Деньги эти, разумеется, проедались и проматывались на разные блестящие, но бесполезные затеи, большею частию заграничные. А относительно земель вот что говорит Щербатов:

...

Розданы они вельможам, которые, быв обогащены и без того милостями государя, малое прилежание о населении и обработыванни их прилагают. А и проданные суть по большей части людям богатым, захватившим многие тысячи десятин и употребляющим их для скотоводства, и не помышляя довольно их населить и запахать. И тако впадает в правило народа скотоводителя, которому не в пример более земли надобно, чем хлебопашцу («Московские ведомости», № 142).

Вследствие такого положения дел, неудобство которого увеличивалось ненормальными отношениями крестьян к помещикам, – сельское хозяйство шло плохо. А между тем постоянно был большой отпуск хлеба за границу. Да еще это бы ничего само по себе; но беда была в способе, которым эта операция производилась. Дело в том, что плодородные губернии были отдалены от места заграничного отпуска хлеба, а пути сообщения были в самом жалком состоянии. На улучшение дорог издавна был установлен особый сбор, и деньги постоянно собирались, но девались неизвестно куда, а дороги не поправлялись вовсе; мосты были так худы, что по многим совершенно не было проезда. Когда же в 1781 году последовал указ об исправлении дорог и мостов, оказалось, что собранные на этот предмет деньги так ничтожны, что с ними ни за что и приняться нельзя («Московские ведомости, № 172). Поэтому земледельцы не могли прямо участвовать в заграничной операции, и вся она попала в руки посредников-торговцев, которые одни обогащались, давая вперед задатки крестьянам и покупая у них по сравнительно низким ценам весь хлебный товар. К этому надо еще присоединить и то, что количество вывозимого хлеба вовсе не соображалось с потребностями самого народа в России. В пример безрассудства, господствовавшего в этом деле, Щербатов приводит следующий факт:

...

По именному указу, губернатору Архангельского порта Головцыну дозволено было выпускать до 200 000 четвертей хлеба, но с тем, чтобы он вошел предварительно в сношение с казанским губернатором и если только тот уведомит его, что в его губернии есть излишний хлеб. Но этот указ вовсе не исполнялся. В самый 1774 год, когда после разорения Казанской губернии Пугачевым народ с голоду умирал и поля были не засеяны, выпущено было из северного порта не только 200 000 четвертей, но и гораздо более («Московские ведомости», № 143).

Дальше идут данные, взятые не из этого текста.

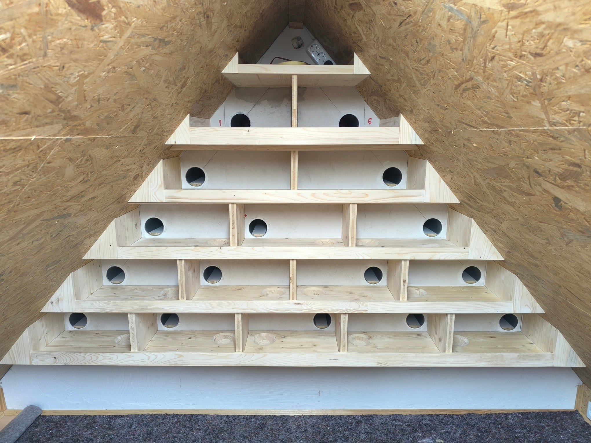 Insgesamt sind es 16 Nistplätze geworden, dass ganze auf 5 Etagen als Pyramide in Regalbauweise. Die Größe sollte komfortabel genug sein und beträgt je nach Aufteilung in den einzelnen Reihen ca. 42 bis 50cm x 25cm x 21cm BTH. In der obersten Reihe war diese Aufteilung nicht mehr möglich, daher der Versatz nach vorne ca. 36cm x 37cm x 21cm BTH.

В число причин, парализировавших успехи земледелия и вследствие того самое благосостояние народа, Щербатов приводит нововведенные тогда откупа и также новое положение об экономических крестьянах, отобранных от монастырей. Откупа увеличили сидку и гонку вина, на которое употреблялось тогда до 600 000 четвертей, и Щербатов предлагает даже в своем рассуждении – уменьшить эту пропорцию наполовину, рассчитывая, что оставшимся от того количеством хлеба может питаться до полумильона народа в течение десяти месяцев. Относительно бывших монастырских крестьян Щербатов сообщает следующее. Когда их приписали к коллегии экономии, то оброк, положенный на них по 3 рубля на душу, был сравнительно очень высок, и вследствие того многие крестьяне покинули поля и обратились к другим, более прибыльным занятиям, так что большая часть земель вокруг монастырей запустела. Между тем местное начальство постоянно уверяло правительство, что хозяйство в этих вотчинах находится в наилучшем положении. Через 4 года, в 1767 году, возникли какие-то темные подозрения, и коллегии экономии велено было собрать точные ведомости, сколько в предыдущие годы посеяно было хлеба на бывших монастырских землях. Отовсюду были донесения самые благоприятные: оказалось, что в последние годы посев даже увеличился против прежнего благодаря стараниям нового управления. Для поверки этих сведений отправлен Г. Н. Теплов и, разумеется, нашел, что в донесениях была самая наглая ложь. Результаты своей поездки представил он коллегии экономии и самой Екатерине. Но дело оставлено без всяких последствий, и не только не было обращено никакого внимания на земледелие, но и самые казначеи за ложные свои донесения не были подвергнуты никакому наказанию.